▶ **What to do**
Copy all lines below containing "making".

=== Recorded data ===

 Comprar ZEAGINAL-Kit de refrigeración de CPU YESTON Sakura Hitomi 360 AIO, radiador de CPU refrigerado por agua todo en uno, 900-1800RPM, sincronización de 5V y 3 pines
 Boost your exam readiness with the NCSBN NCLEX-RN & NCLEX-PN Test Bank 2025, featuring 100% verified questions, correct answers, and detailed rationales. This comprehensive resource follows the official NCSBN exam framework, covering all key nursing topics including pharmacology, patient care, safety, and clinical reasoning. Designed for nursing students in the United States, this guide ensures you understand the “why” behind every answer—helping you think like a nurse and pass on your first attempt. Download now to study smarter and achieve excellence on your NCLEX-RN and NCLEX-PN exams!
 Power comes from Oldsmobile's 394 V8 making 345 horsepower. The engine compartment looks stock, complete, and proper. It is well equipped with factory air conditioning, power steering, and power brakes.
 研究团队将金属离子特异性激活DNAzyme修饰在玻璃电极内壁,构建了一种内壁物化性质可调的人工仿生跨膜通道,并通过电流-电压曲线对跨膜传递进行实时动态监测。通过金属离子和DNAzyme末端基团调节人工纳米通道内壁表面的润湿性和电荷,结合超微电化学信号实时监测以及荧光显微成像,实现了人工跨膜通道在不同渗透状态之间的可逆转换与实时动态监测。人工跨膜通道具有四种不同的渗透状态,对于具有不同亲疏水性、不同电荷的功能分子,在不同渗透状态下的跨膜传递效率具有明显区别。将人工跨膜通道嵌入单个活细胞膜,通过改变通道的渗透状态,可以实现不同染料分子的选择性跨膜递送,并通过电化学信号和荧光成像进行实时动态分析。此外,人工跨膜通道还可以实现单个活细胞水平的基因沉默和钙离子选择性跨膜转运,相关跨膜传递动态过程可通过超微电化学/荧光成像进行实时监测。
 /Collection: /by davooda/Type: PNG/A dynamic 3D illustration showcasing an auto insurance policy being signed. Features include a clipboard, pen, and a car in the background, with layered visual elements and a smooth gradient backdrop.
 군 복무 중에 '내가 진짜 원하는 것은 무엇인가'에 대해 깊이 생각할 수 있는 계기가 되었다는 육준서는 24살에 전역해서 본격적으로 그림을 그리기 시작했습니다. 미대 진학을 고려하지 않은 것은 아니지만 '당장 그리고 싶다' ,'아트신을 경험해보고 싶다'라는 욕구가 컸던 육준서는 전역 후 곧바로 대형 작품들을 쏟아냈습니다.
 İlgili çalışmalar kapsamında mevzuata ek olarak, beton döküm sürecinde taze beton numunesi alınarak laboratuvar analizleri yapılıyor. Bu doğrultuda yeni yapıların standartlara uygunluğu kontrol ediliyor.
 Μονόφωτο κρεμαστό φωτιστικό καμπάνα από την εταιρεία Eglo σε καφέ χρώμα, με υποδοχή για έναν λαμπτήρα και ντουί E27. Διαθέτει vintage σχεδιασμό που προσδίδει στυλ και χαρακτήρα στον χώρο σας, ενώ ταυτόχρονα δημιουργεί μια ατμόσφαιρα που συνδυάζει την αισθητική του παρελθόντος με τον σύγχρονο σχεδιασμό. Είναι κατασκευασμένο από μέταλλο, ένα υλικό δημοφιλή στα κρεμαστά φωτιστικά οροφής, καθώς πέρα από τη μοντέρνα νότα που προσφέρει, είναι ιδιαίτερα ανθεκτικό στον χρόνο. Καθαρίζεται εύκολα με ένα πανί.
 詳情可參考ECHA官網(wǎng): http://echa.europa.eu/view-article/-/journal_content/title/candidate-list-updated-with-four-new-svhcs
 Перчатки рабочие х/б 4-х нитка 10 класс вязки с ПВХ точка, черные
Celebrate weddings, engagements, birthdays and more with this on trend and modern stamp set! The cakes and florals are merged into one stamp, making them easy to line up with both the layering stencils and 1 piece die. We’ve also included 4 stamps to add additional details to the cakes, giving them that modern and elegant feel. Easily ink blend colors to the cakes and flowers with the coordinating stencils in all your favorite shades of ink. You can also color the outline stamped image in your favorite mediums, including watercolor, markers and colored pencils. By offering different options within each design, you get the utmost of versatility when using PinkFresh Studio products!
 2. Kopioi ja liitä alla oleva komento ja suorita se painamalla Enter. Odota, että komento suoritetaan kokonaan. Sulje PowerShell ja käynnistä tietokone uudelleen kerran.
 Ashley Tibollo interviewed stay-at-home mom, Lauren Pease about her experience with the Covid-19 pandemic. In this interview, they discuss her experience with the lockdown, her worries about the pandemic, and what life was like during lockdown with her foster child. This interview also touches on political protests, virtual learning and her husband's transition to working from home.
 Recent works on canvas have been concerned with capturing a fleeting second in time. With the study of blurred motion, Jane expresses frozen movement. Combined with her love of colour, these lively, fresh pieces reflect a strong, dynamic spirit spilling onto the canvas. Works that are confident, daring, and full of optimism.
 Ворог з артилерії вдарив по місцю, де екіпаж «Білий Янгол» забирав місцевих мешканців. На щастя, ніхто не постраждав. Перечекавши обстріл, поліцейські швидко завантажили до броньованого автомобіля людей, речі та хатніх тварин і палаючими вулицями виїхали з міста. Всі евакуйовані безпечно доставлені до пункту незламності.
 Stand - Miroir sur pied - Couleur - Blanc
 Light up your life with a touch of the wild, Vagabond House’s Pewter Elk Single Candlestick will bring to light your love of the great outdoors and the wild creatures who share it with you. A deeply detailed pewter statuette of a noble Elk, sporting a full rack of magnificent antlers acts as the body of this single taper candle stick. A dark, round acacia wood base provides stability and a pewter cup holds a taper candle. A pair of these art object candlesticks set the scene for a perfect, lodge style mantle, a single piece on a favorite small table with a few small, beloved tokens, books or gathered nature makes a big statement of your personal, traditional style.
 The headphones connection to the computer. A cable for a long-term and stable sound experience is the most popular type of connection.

===

▶ **Answer for this exercise**
 Power comes from Oldsmobile's 394 V8 making 345 horsepower. The engine compartment looks stock, complete, and proper. It is well equipped with factory air conditioning, power steering, and power brakes.
Celebrate weddings, engagements, birthdays and more with this on trend and modern stamp set! The cakes and florals are merged into one stamp, making them easy to line up with both the layering stencils and 1 piece die. We’ve also included 4 stamps to add additional details to the cakes, giving them that modern and elegant feel. Easily ink blend colors to the cakes and flowers with the coordinating stencils in all your favorite shades of ink. You can also color the outline stamped image in your favorite mediums, including watercolor, markers and colored pencils. By offering different options within each design, you get the utmost of versatility when using PinkFresh Studio products!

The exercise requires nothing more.